Prove that for all $x\geq 0$: $$\int\limits_{x}^{+\infty}\frac{ds}{1+s^2}\geq \frac{x}{1+x^2}.$$

Attempt. I have tried algebra, by using $f(x)=\int\limits_{x}^{+\infty}\frac{ds}{1+s^2}- \frac{x}{1+x^2}$, where $$f'(x)=-\frac{1}{1+x^2}-\bigg(\frac{x}{1+x^2}\bigg)'=\ldots=-\frac{2}{(1+x^2)^2}<0,$$ so $f$ is decreasing and: $$f(x)\leq f(0)=\frac{\pi}{2},$$ but i didn't get anywhere.

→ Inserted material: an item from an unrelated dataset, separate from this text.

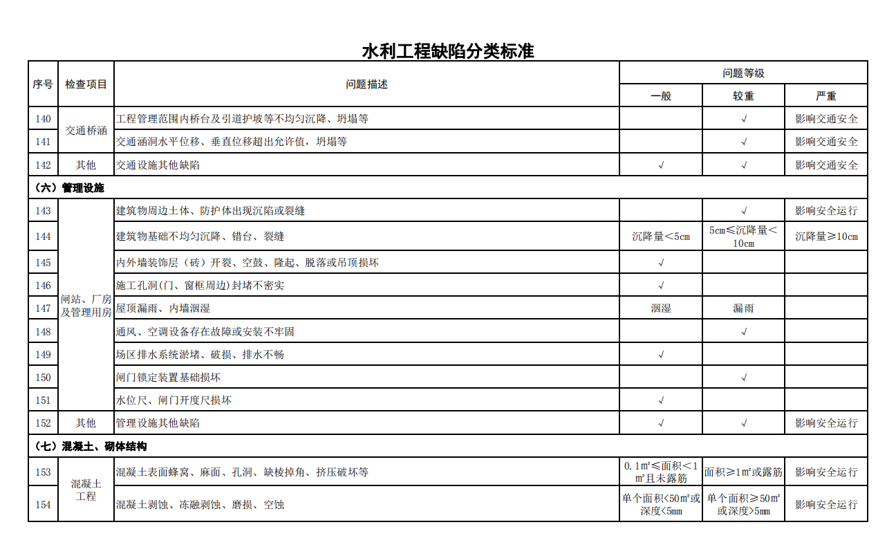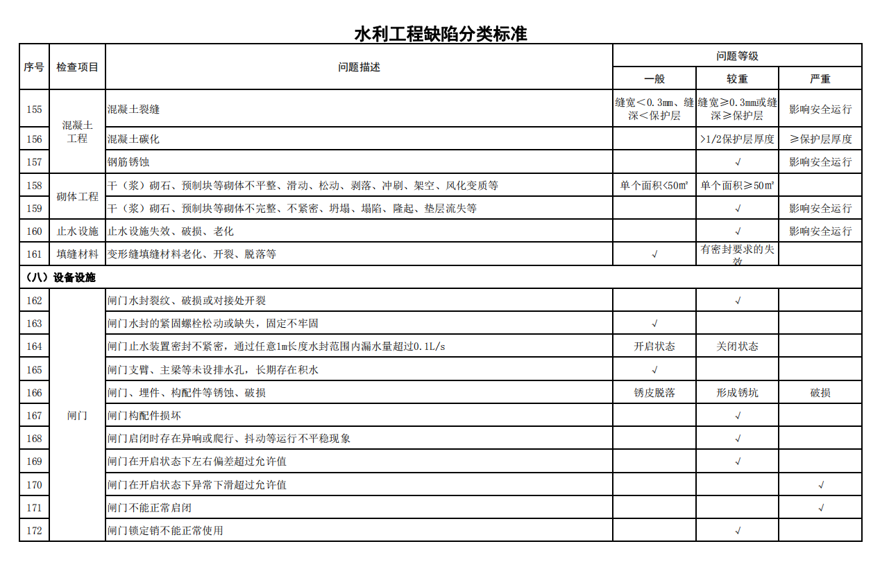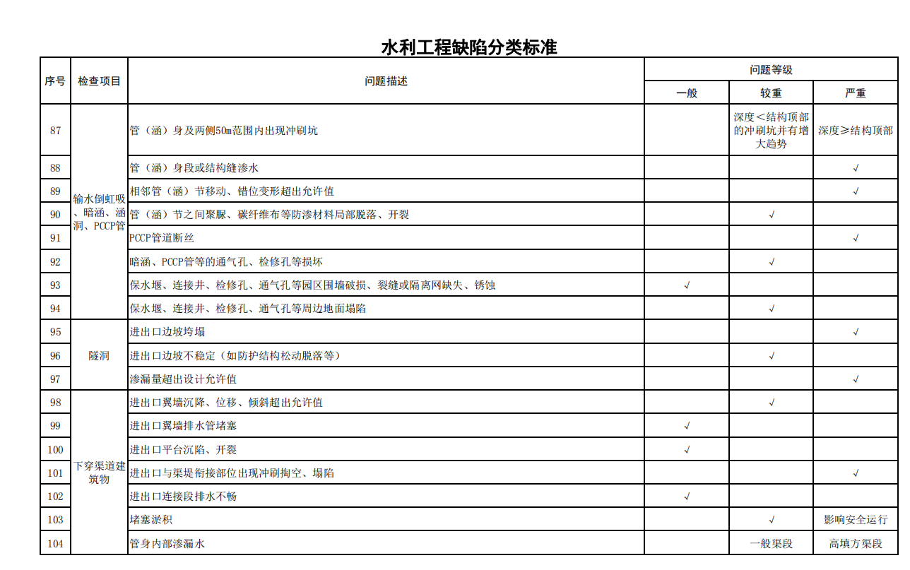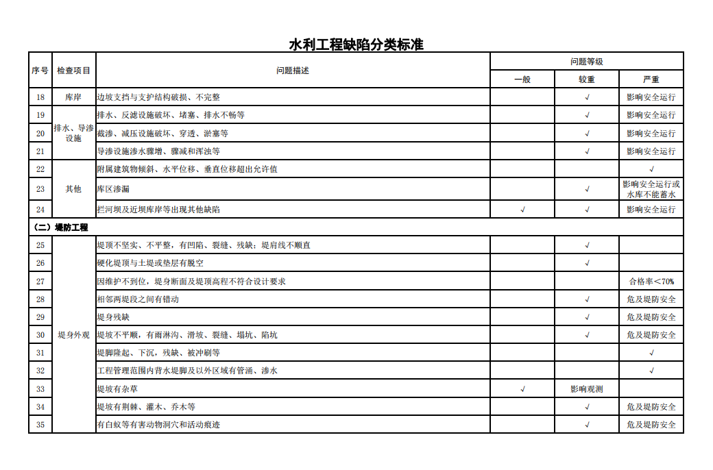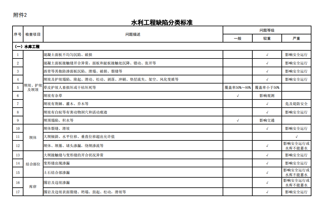 2.水利工程缺陷分類(lèi)標(biāo)準(zhǔn)

Geometrically, I tried bu using the area under the graph of $\frac{1}{1+x^2}$ after $x$ and the rectangle over $[0,x]$, of height $\frac{1}{1+x^2}$, but i couldn't prove the desired inequality.

Thanks in advance.

Answer 1

You already showed that $f$ is (strictly) decreasing, therefore $$ f(x) > \lim_{t \to \infty} f(t) = 0 \, . $$

Alternatively, substitute $s = 1/u$: $$ \int_{x}^{+\infty}\frac{ds}{1+s^2} = \int_{0}^{1/x}\frac{du}{1+u^2} > \frac 1x \frac{1}{1+\frac{1}{x^2}} = \frac{x}{1+x^2} \, . $$

Answer 2

You can express the right hand side as a definite integral: $$\int\limits_{x}^{+\infty}\frac{ds}{1+s^2}\geq \frac{x}{1+x^2} \iff \int\limits_{x}^{+\infty}\frac{1}{1+s^2}ds\geq \int\limits_{x}^{+\infty}\frac{s^2-1}{(1+s^2)^2}ds \iff \\ \int\limits_{x}^{+\infty}\frac{1}{1+s^2}-\frac{s^2-1}{(1+s^2)^2}ds\geq 0 \iff \int\limits_{x}^{+\infty}\frac{2}{(1+s^2)^2}ds\geq 0. \qquad \checkmark$$